“I’m just teasing.” She offered him a tight smile, squeezing his hand for a second. “So, if you’re all partnered up now, does that mean you’re buying a house soon?”
“I haven’t found one yet, but once I do…” He saluted her with his glass. “Then I’ll buy my home.”
She wanted to dislike him for that.
For having himself together like that.
God, some weeks she was lucky if she had enough in her account for groceries. But the way he’d explained it, and the fact that he refused to live off his parents’ money, made her like him even more. “What do your parents do?”
“Dad’s a judge in a small town. Mom’s a doctor.” He finished off his champagne and set his empty glass aside. “There are whispers we’re descendants of Alexander Hamilton, but we can’t prove it through the family tree yet. Too much was lost in the civil war.”
“I…” She swallowed. “Wow.”
He pushed his hair back, watching her as she took a sip of her drink. “How about you? Are you related to Thomas Jefferson?”
She choked on her champagne, covering her mouth. When she managed to swallow it and not die in the process, she waved a hand in front of her face, gasping for breath. “Oh my God. That’s a good one.”
His lips quirked. “It wasn’t meant to be a joke.”
“Well, it was.” She set her drink down, half finished. “My parents aren’t even remotely like yours. They live in a small town in Tennessee, and they’re definitely not related to a past president. In fact, my Dad is new to the country. He came over from England during college and fell in love with my mom. He’s a professor at the University of Tennessee, and she’s the manager of a tiny bank that’s barely a blip on the radar of banks.”
“They sound nice,” he said.
And he meant it.
She could see the sincerity in his eyes.
“They are.”
“What brought you here to Atlanta, then?” he asked, leaning in, watching her like he actually cared about the answer. “Why not stay in Tennessee with your nice parents?”
“A guy brought me here,” she answered honestly, because why the heck not? There was no reason to hide her stupidity from him. “And then he promptly left me.”
He frowned. “Then he’s a fool.”
She shrugged. “The way I see it, I’m the fool, not him.”
“Then we’ll have to agree to disagree, because any man that has
you and lets you go is a damn idiot in my book.” He rested a hand on her knee. “Why not go home?”

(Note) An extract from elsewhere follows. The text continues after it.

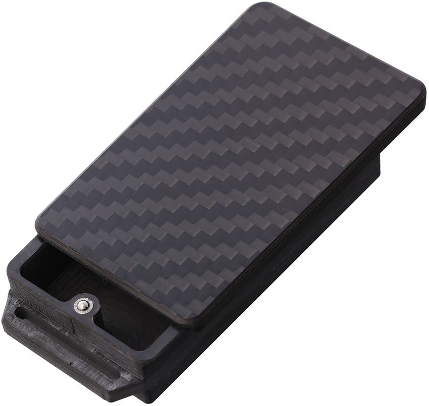 Dimensions: 2.75" x 1.45" x 0.6". Inner dimensions: 2.35" x 1.17" x 0.47". Slide top. Looped top. Carbon fiber construction. Bulk packed.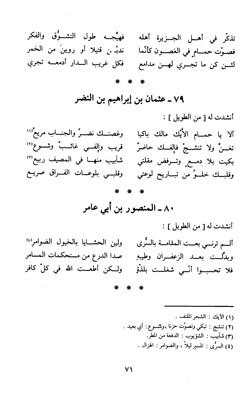 (بَكَيْت بِلَا دمع وترفض مقلتي ... شآبيب مِنْهَا فِي المصيف ربيع)

“Because I refused to lose.” She lifted her chin. “I don’t like losing.”
“Neither do I.” He locked eyes with her. There was an energy, a bolt of something, between them, and it was terrifying and electrifying, all at once. “Shelby…”
She swallowed, saying nothing.
This date wasn’t going the way she planned. He was, indeed, showing her that he wasn’t the man she’d thought he was. And that wasn’t a good thing.
If she wasn’t careful, she’d start liking him…
And she’d forget to make him dislike her.
Chapter Five
Shelby squinted at the menu, pulling it closer to her face, and made a contemplating sound as she read it. She’d been doing this for five minutes now, after doing the same with her cocktail menu, and the beer menu, too, before finally asking for a peach martini with house vodka. All night long, she’d been slow to answer, slower to choose, and even slower to commit to anything.
If she were anyone else, it would have driven him fucking insane.